### Directions
When copying the entries below, leave out every picture and keep the rest exact.

### Saved entries
● ● ● ● ● ● ●

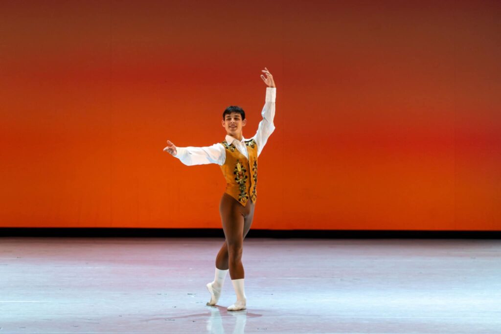 Ako som už spomenula vyššie, prím tohto roku si získala jednoznačne klasika. Vyspelosťou, technickou precíznosťou choreografií, no najmä – výberom diel. Boli to vždy ďalšie tance, ktoré si dokázali získať divákov. Pri klasike totiž často čelíte výrazným obmedzeniam, čo sa týka naštudovania repertoáru so žiakmi umeleckých škôl. Tentoraz sa však pedagogičky – Marina Častková – Zhelezniakova a Elena Chetvernya, nechali inšpirovať dielami, ktoré možno sú známe, no nie až tak frekventovane uvádzané na pôde škôl. Je to aj náročnosť, ktorá kladie vysoké technické i výrazové kritériá na žiakov, aj preto sa často nenachádzajú v absolventských koncertoch. No v tomto prípade si pedagogičky stanovili výzvu a zjavne sa im ju podarilo zdolať. Svedčilo o tom hneď ďalšie dielo – Fragment z baletu Tisíc a jedna noc Niny Nazirovej, významnej choreografky azerbajdžanského štátneho akademického divadla opery a baletu. Naštudovala ho Mg. Art. E. Chetvernya v obsadení: A. Skopintsev, A. Sorokroi a J. Kubala, žiak 7. B. ročníka. Hudbu k tomuto dielu vytvoril F. Amirov je známy tým, že spájal klasickú európsku hudobnú štruktúru s prvkami azerbajdžanského mugamu. Silná melodická línia predpokladajúca vycizelované legátové frázovania, spočiatku klasická, neskôr však invenčná inštrumentácia (perkusie, harfa, hoboj, klarinet), neobvyklá práca s rytmikou a kontrastná dynamika.
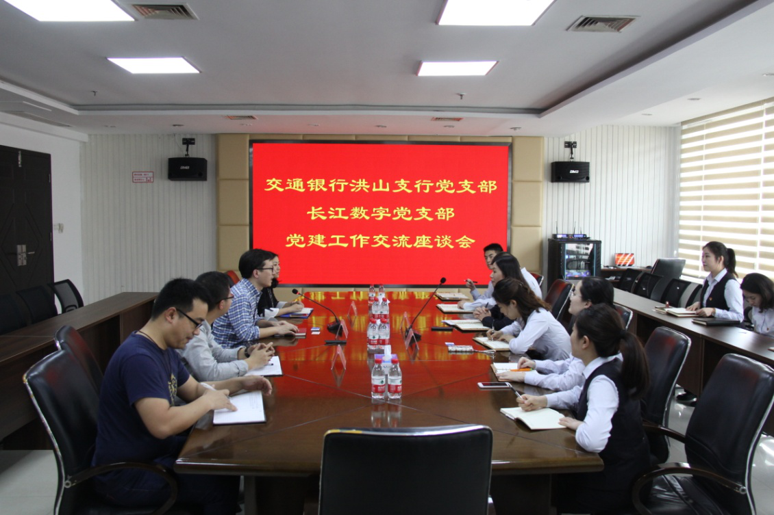 4月20日,交通銀行武漢洪山支行黨支部與長江數(shù)字黨支部舉辦黨建工作交流座談會,雙方圍繞黨建工作開展、黨建引領(lǐng)作用發(fā)揮、黨員隊(duì)伍建設(shè)進(jìn)
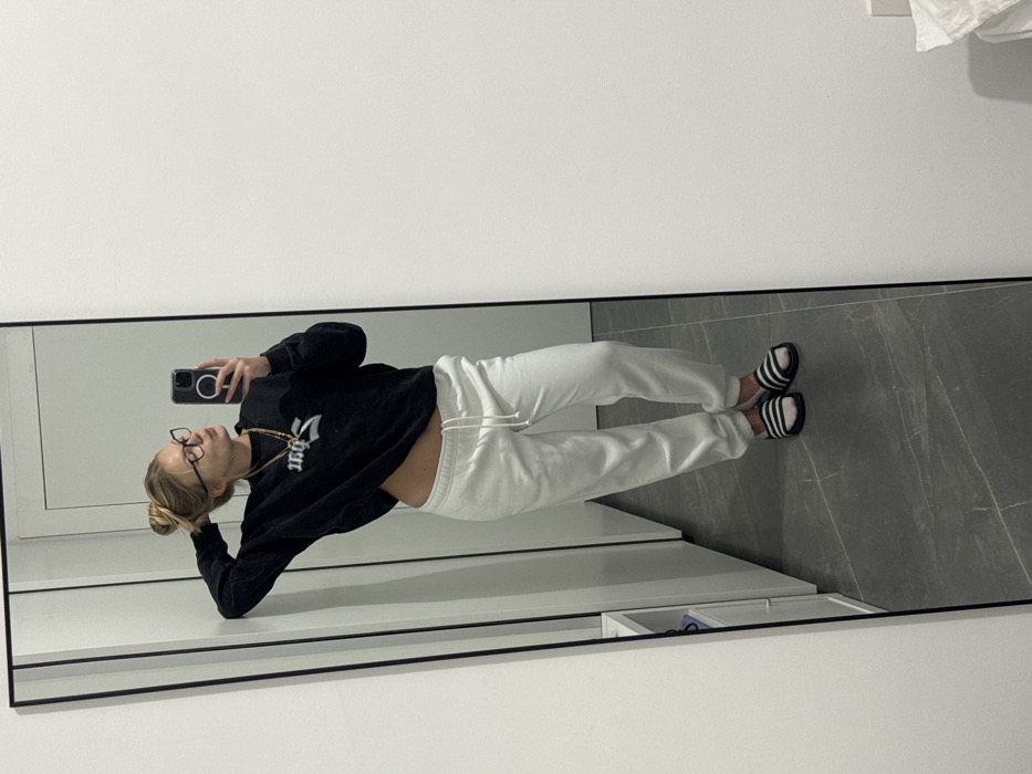 A young woman poses in a full-length mirror. She wears glasses, a black sweatshirt, white sweatpants, and Adidas slides. Her hair is in a bun. She holds a smartphone up to take the photo. The background is mostly white walls with a gray tile floor. A small white drawer unit is visible. The mirror has a black frame.
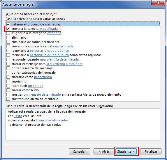 En el siguiente paso selecciona la acción "mover a la carpeta especificada" y pulsa el botón Siguiente.
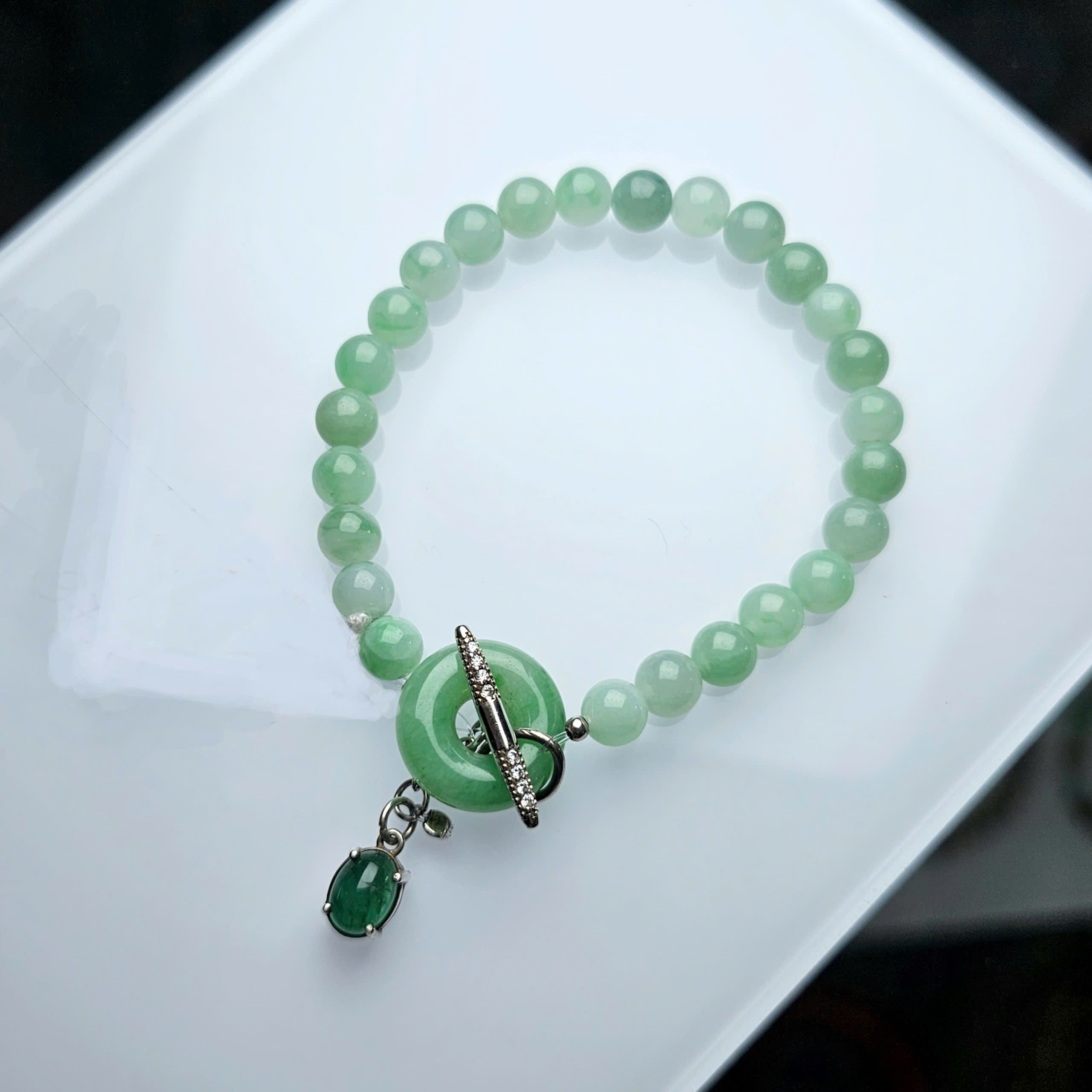 Vòng Ngọc táo Jadeite type A, khấu ngọc táo là điểm nhấn được khéo léo dùng thành phần khóa của chiếc vòng, charm treo Emerald bạc.

● ● ● ● ● ● ●

### Result for this exercise
 Ako som už spomenula vyššie, prím tohto roku si získala jednoznačne klasika. Vyspelosťou, technickou precíznosťou choreografií, no najmä – výberom diel. Boli to vždy ďalšie tance, ktoré si dokázali získať divákov. Pri klasike totiž často čelíte výrazným obmedzeniam, čo sa týka naštudovania repertoáru so žiakmi umeleckých škôl. Tentoraz sa však pedagogičky – Marina Častková – Zhelezniakova a Elena Chetvernya, nechali inšpirovať dielami, ktoré možno sú známe, no nie až tak frekventovane uvádzané na pôde škôl. Je to aj náročnosť, ktorá kladie vysoké technické i výrazové kritériá na žiakov, aj preto sa často nenachádzajú v absolventských koncertoch. No v tomto prípade si pedagogičky stanovili výzvu a zjavne sa im ju podarilo zdolať. Svedčilo o tom hneď ďalšie dielo – Fragment z baletu Tisíc a jedna noc Niny Nazirovej, významnej choreografky azerbajdžanského štátneho akademického divadla opery a baletu. Naštudovala ho Mg. Art. E. Chetvernya v obsadení: A. Skopintsev, A. Sorokroi a J. Kubala, žiak 7. B. ročníka. Hudbu k tomuto dielu vytvoril F. Amirov je známy tým, že spájal klasickú európsku hudobnú štruktúru s prvkami azerbajdžanského mugamu. Silná melodická línia predpokladajúca vycizelované legátové frázovania, spočiatku klasická, neskôr však invenčná inštrumentácia (perkusie, harfa, hoboj, klarinet), neobvyklá práca s rytmikou a kontrastná dynamika.
 4月20日,交通銀行武漢洪山支行黨支部與長江數(shù)字黨支部舉辦黨建工作交流座談會,雙方圍繞黨建工作開展、黨建引領(lǐng)作用發(fā)揮、黨員隊(duì)伍建設(shè)進(jìn)
 A young woman poses in a full-length mirror. She wears glasses, a black sweatshirt, white sweatpants, and Adidas slides. Her hair is in a bun. She holds a smartphone up to take the photo. The background is mostly white walls with a gray tile floor. A small white drawer unit is visible. The mirror has a black frame.
 En el siguiente paso selecciona la acción "mover a la carpeta especificada" y pulsa el botón Siguiente.
 Vòng Ngọc táo Jadeite type A, khấu ngọc táo là điểm nhấn được khéo léo dùng thành phần khóa của chiếc vòng, charm treo Emerald bạc.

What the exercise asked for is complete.